In numerous books and pamphlets Syed emphasised that he wished to atone for his mistake in supporting the creation of Pakistan and, by espousing secularism and tolerance, antagonised Pakistan's Muslim clergy and successive military regimes, who jailed him for almost three decades.
Syed said Pakistan could not develop an identity because its successive military dictatorships had survived by promoting regional and ethnic rivalries to the detriment of Sindhis, many of whom were Muslims who migrated to Pakistan from central and eastern India after independence.
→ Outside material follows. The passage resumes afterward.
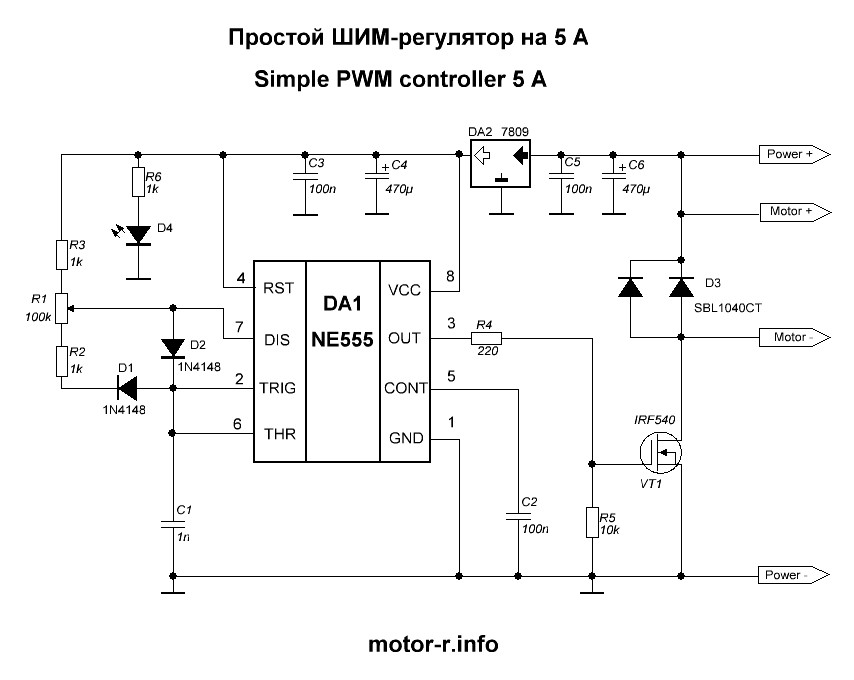 Рассмотрим первый ШИМ-регулятор на 5 ампер. Есть такая самая любимая микросхема всех радиолюбителей - это таймер NE555 ( или советский аналог КР1006ВИ). Вот на этой микросхеме и собран ШИМ-регулятор. Кроме таймера здесь я использую стабилизатор на 9 вольт LM7809 , мощный полевой транзистор с N-каналом IRF540, сдвоенный диод Шоттки, а также другие мелкие детали. Схема по которой собран этот регулятор всем известна и очень популярна.

Syed accused Pakistan's Punjabi majority community of "colonising" Sind and accused the military of coveting "Sind and not Sindhis."
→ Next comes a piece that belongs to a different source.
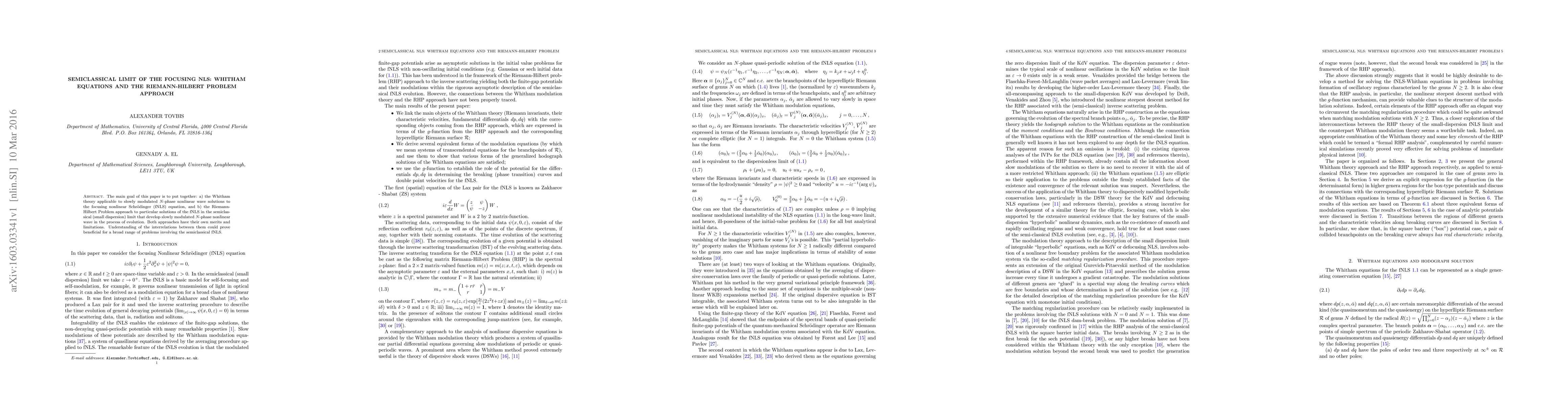 The main goal of this paper is to put together: a) the Whitham theory applicable to slowly modulated $N$-phase nonlinear wave solutions to the focusing nonlinear Schr\"odinger (fNLS) equation, and b) the Riemann-Hilbert Problem approach to particular solutions of the fNLS in the semiclassical (small dispersion) limit that develop slowly modulated $N$-phase nonlinear wave in the process of evolution. Both approaches have their own merits and limitations. Understanding of the interrelations between them could prove beneficial for a broad range of problems involving the semiclassical fNLS.
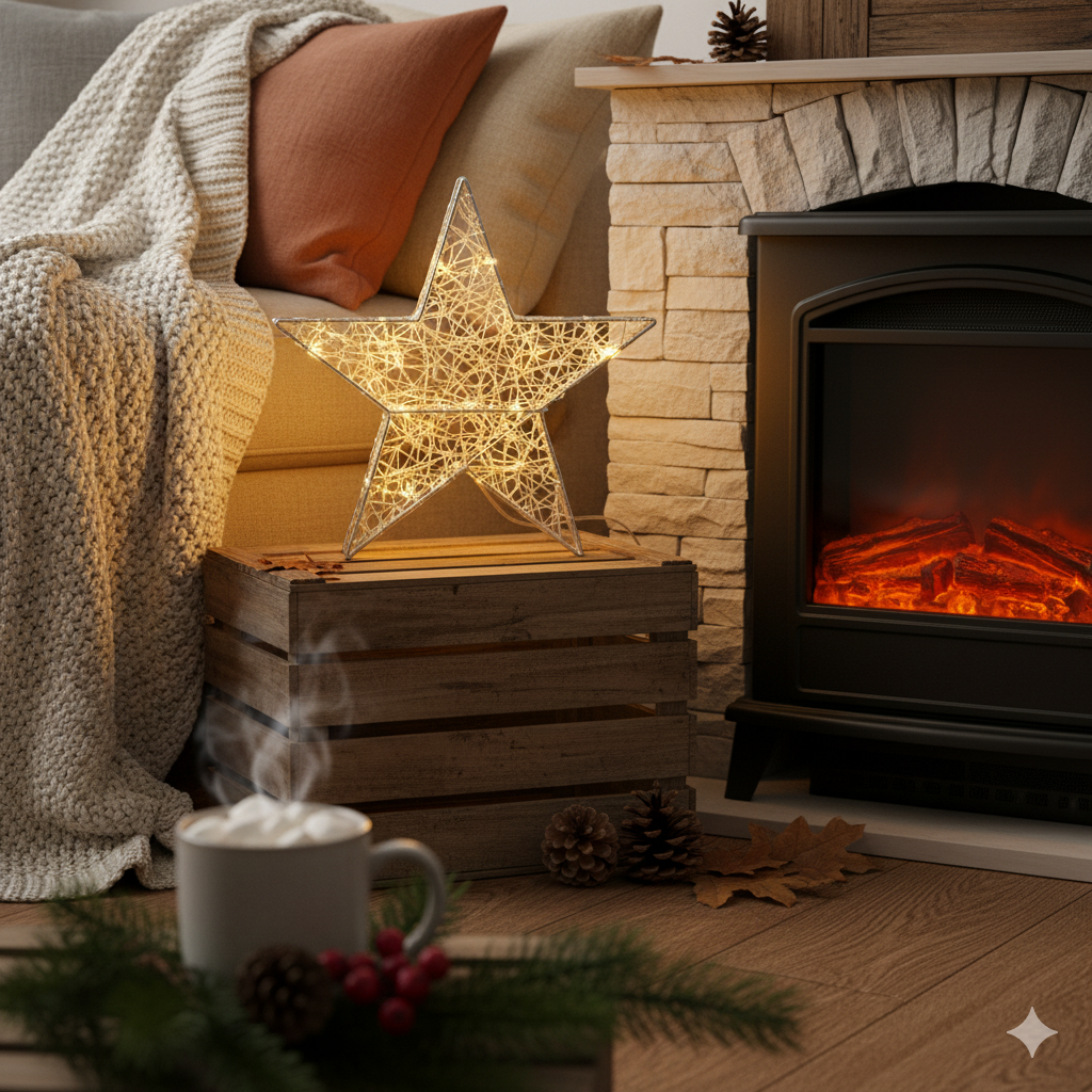 Dank integriertem Timer (6 Stunden an / 18 Stunden aus) leuchtet der Stern ganz automatisch und schafft jeden Abend aufs Neue eine behagliche Atmosphäre. Der Netzstecker sorgt dabei für zuverlässige Stromversorgung – perfekt für den Innenbereich.

What strengthened and popularised Syed's slogan of Sindhi nationalism amongst Sindhis was their acute sense of deprivation; they complained they were denied government jobs and were reduced to a minority in their own province. According to Syed, Sind contributed 80 per cent to the federal budget, yet very little of this money was spent locally.
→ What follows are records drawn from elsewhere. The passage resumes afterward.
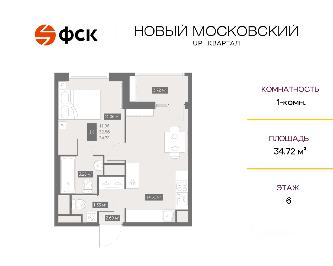 Цена со скидкой до 30% в прямой продаже от застройщика — только в этом месяце. Беспроцентная рассрочка. 1-к квартира в ЖК Up-квартал "Новый Московский" на 6-м этаже. Общая площадь 34,72. Без отделки.
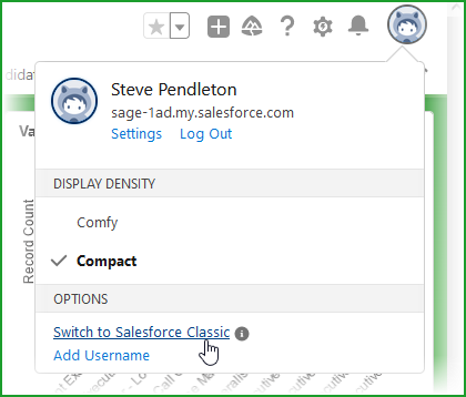 Folder operations are carried out in Salesforce Classic. To switch from Salesforce Lightning Experience to Salesforce Classic:
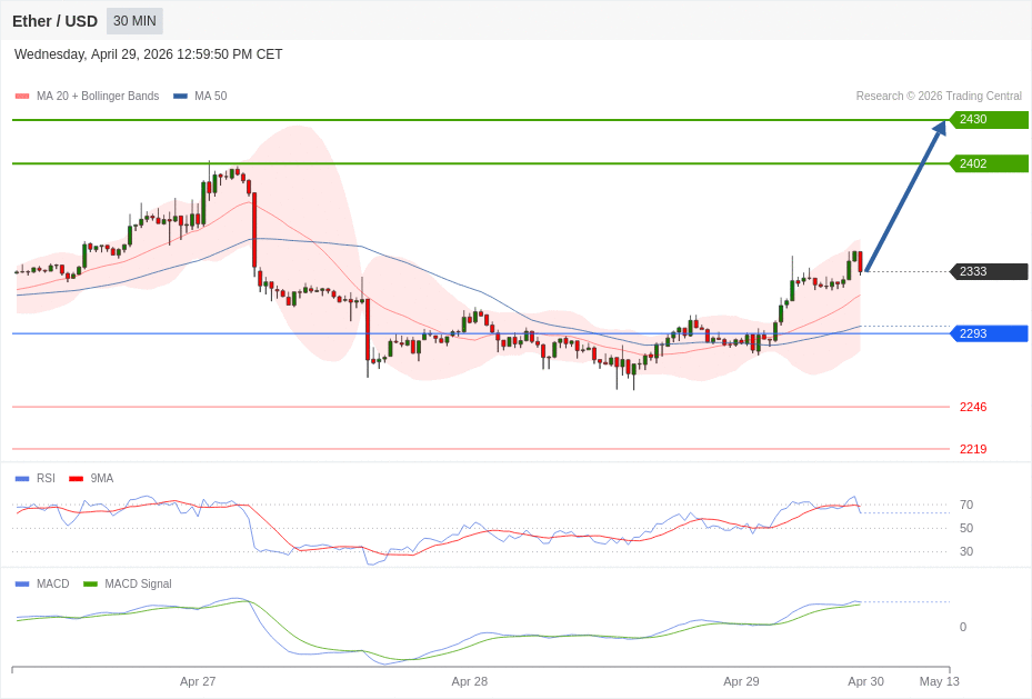 Daily Pivot Point of ETHEREUM Chart in 30M Time Frame is: 2293 and Preferred situation is Bullish. Our Preferred Senario is Long Positions (Buy) above 2293 with first target at 2402 and second target at 2430 in extension as take profits.

Although Syed's movement was peaceful, almost Gandhian, in its non-violent approach, it gave a fillip to the MQM, a close-knit group of migrants and their offspring from India, to launch a fierce armed struggle against the Pakistani government for autonomy. Over 600 people have died in this civil war, which is still raging without agreement in sight.
Syed had a large following in India too, home to millions of Sindhis, and was ecstatically greeted wherever he went on his visit here in the late Eighties. This popularity, however, proved counter-productive since on his return home he was imprisoned by the Pakistani president General Zia- ul-Haq.
Ghulam Murtaza Syed was born in 1904 in Sann village in Sind Province into a prominent Wadera or feudal family which migrated from Herat in the Middle East five centuries earlier. His interest in politics, nurtured by the independence struggle against the British, began when he was 14, and he supported Mahatma Gandhi's Congress Party, then in the forefront of the fight. But, piqued over what he thought was the sectarian attitude of the Congress, Syed joined the Muslim League in 1938, which wanted a separate Islamic state of Pakistan - an acronym of P for Punjab, A for Afghans, K for Kashmir and S for Sind, with the Persian suffix "stan", meaning country.
Six years later Syed, as a Muslim League leader, was the moving force behind the resolution in the Sind provincial assembly favouring the creation of Pakistan. Two years later, however, he left the League, became a critic of Pakistan and Mohammad Ali Jinnah, head of the Muslim League and founder of Pakistan, and confined himself to working for secularism and Sind's independence.
He was last charged with sedition in 1992 and confined to his ancestral home at Sann for making an anti-government speech, but freed on bail recently because of deteriorating health and age.
Syed wrote over 50 books in Sindhi, Urdu and English. They include Pakistan Must be Broken and A Nation in Chains.
Ghulam Murtaza Syed, politician: born Sann village, Sind province 17 January 1904; died Karachi 25 April 1995.